Data extracted from a collection
_ _ _

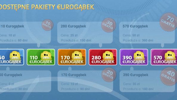 Dotychczas za wirtualne prezenty i oferowane przez serwis usługi, takie jak wyświetlanie osób odwiedzających nasz profil, płaciło się przez SMS lub przelewem. Od dziś użytkownicy mogą użyć również wewnętrznej waluty nazwanej Eurogabką (EGB). Za realne złotówki możemy kupić pakiet 50, 110, 170, 280, 390 lub 570 EGB.
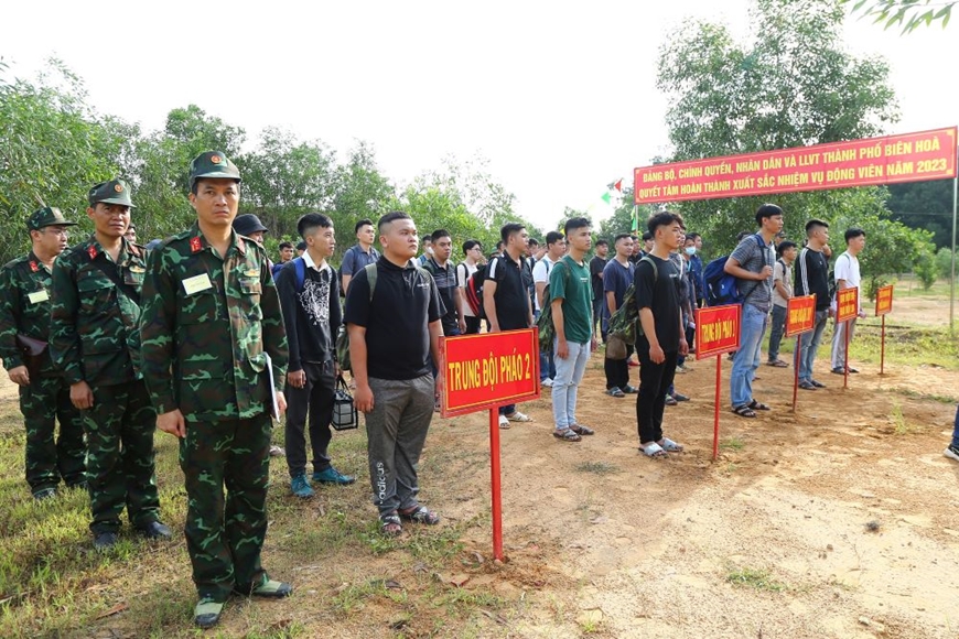 Lực lượng tham gia diễn tập dự bị động viên của Lữ đoàn Pháo binh 75 năm 2023. |
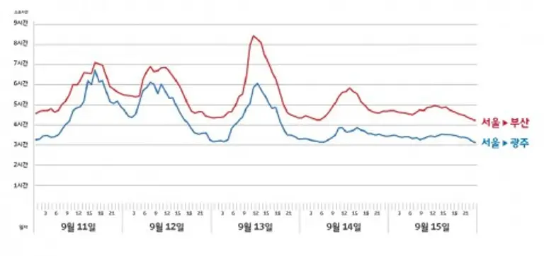 반대로 이날 부산에서 오후 1시에 서울로 출발할 경우 8시간 50분이 소요될 전망이다. 이는 평소 동시간대 평균 소요 시간 대비 3시간 20분이 더 걸리는 것이다.
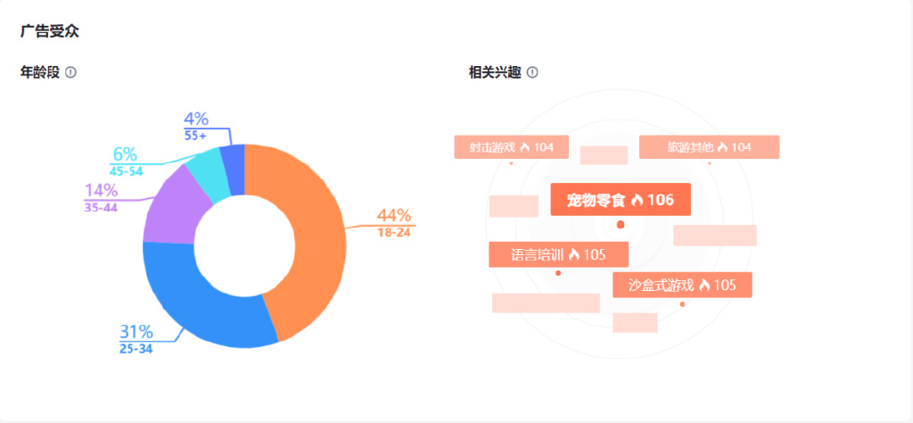 1.香水:该品类的广告受众年龄段与上周相比没有变化,均是44%为18-24岁、31%为25-34岁。但在感兴趣的话题上,“旅游其他”话题热度跌出前三,热点话题“沙盒式游戏”热度上涨。
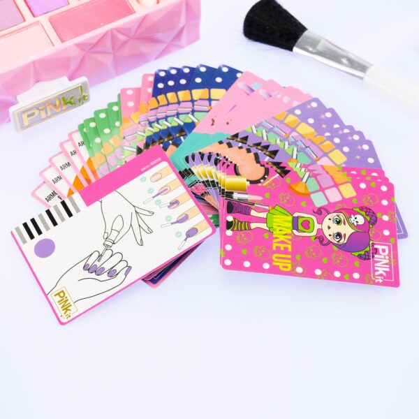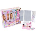 CONTENUTO: specchiera con sensore di prossimità e luci, palette con: Illuminante, 10 ombretti, 3 Blush, 1 rossetto, 4 lucidalabbra in crema, 3 smalti + separadita, 2 stick per colorare capelli, gemme viso, 1 pennello, 2 applicatori lipgloss, pennello piccolo, 3 fermacapelli-stellina, 35 carte interattive multi-lingua, istruzioni dettagliate all’interno.
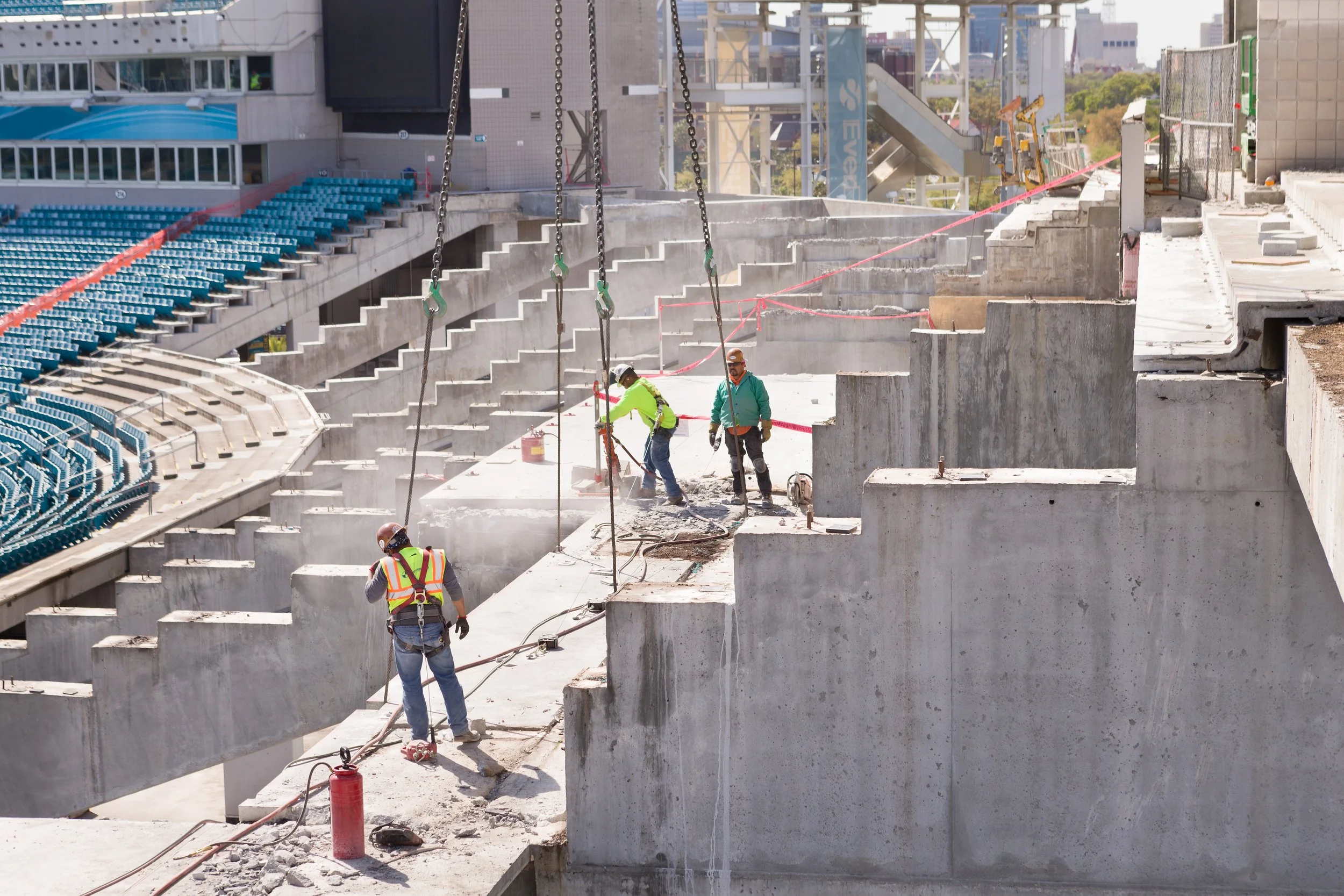 Removing damaged sections of concrete roadways, parking structures, and bridge decks for replacement.

_ _ _

## Task brief
With the pictures left out, copy exactly the lines from the one containing "Lực lượng tham" through the final line of the records above, both included.

## Answer for the task
 Lực lượng tham gia diễn tập dự bị động viên của Lữ đoàn Pháo binh 75 năm 2023. |
 반대로 이날 부산에서 오후 1시에 서울로 출발할 경우 8시간 50분이 소요될 전망이다. 이는 평소 동시간대 평균 소요 시간 대비 3시간 20분이 더 걸리는 것이다.
 1.香水:该品类的广告受众年龄段与上周相比没有变化,均是44%为18-24岁、31%为25-34岁。但在感兴趣的话题上,“旅游其他”话题热度跌出前三,热点话题“沙盒式游戏”热度上涨。
 CONTENUTO: specchiera con sensore di prossimità e luci, palette con: Illuminante, 10 ombretti, 3 Blush, 1 rossetto, 4 lucidalabbra in crema, 3 smalti + separadita, 2 stick per colorare capelli, gemme viso, 1 pennello, 2 applicatori lipgloss, pennello piccolo, 3 fermacapelli-stellina, 35 carte interattive multi-lingua, istruzioni dettagliate all’interno.
 Removing damaged sections of concrete roadways, parking structures, and bridge decks for replacement.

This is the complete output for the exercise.